◆ **Information supplied**
-- -- --

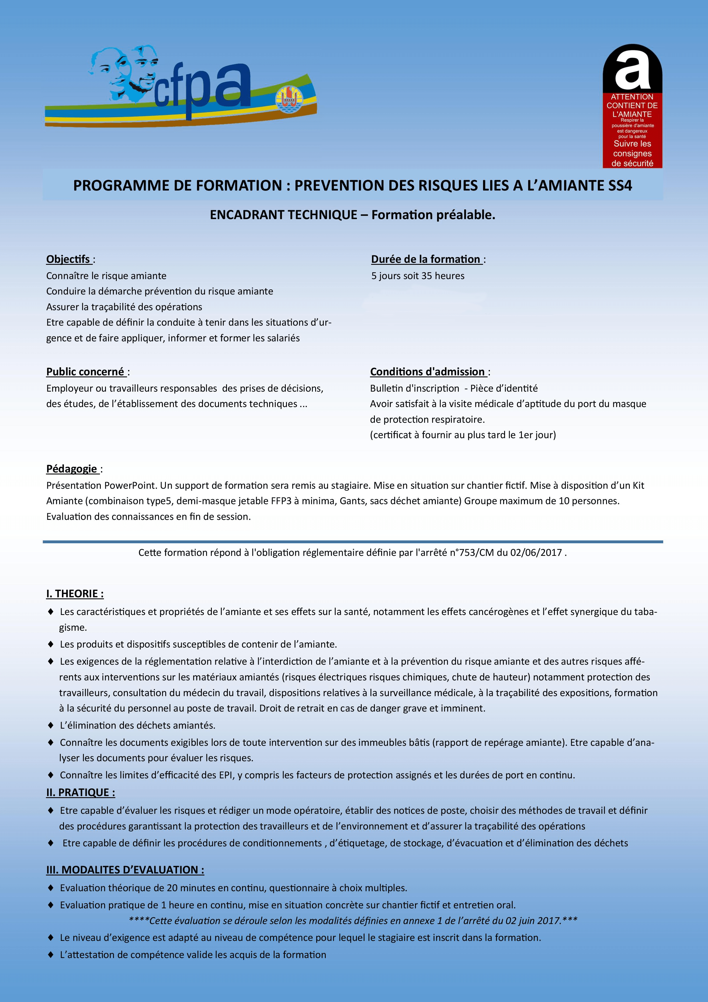 Nous ne sommes plus en mesure de réaliser la formation SS4 jusqu’à nouvel ordre. Nous ne sommes plus en mesure de réaliser la formation SS4 jusqu’à nouvel ordre. Cette formation est payante Télécharger la fiche de formation Besoin de renseignement ? Contactez-nous Besoin de renseignement ? Contactez-nous Où se former ? Où certifier ses compétences ? Unité de formation de Punaruu - Tel : 40 50 75 50
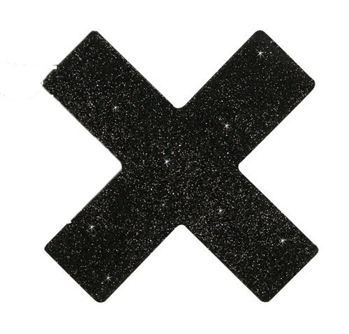 Sparkling black X-shaped nipple stickers.
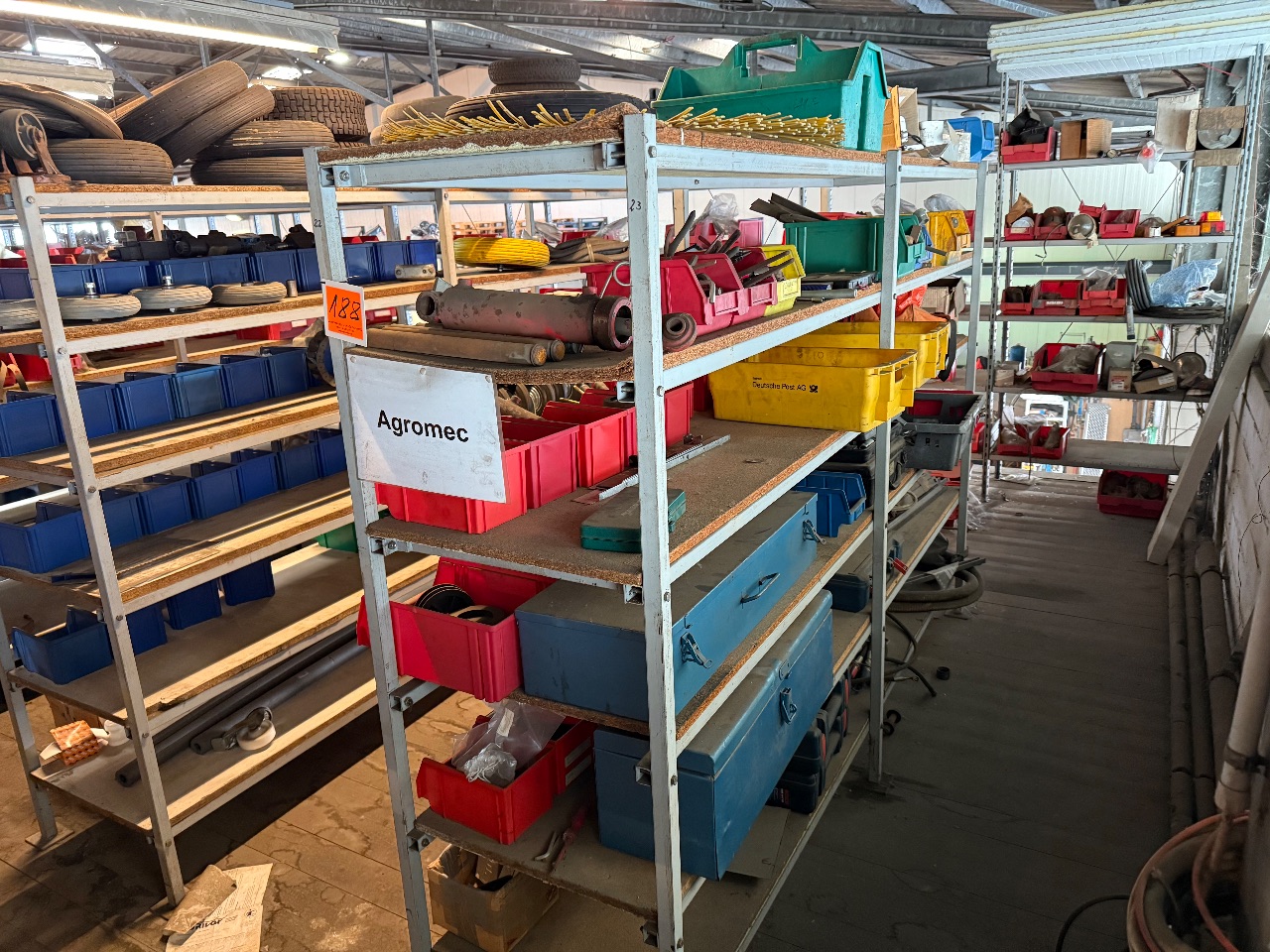 Eisen-Regal (mit Holz-Ablageböden) + (div. Ersatzteilen Agromec) - (div. Werkzeuge, Motoren etc.)

-- -- --

◆ **Task requirements**
Print the lines from the line with "Sparkling black X-shaped nipple stickers." to the end of the data above. Include both ends, exclude the pictures, and add nothing else.

◆ **Exercise solution**
 Sparkling black X-shaped nipple stickers.
 Eisen-Regal (mit Holz-Ablageböden) + (div. Ersatzteilen Agromec) - (div. Werkzeuge, Motoren etc.)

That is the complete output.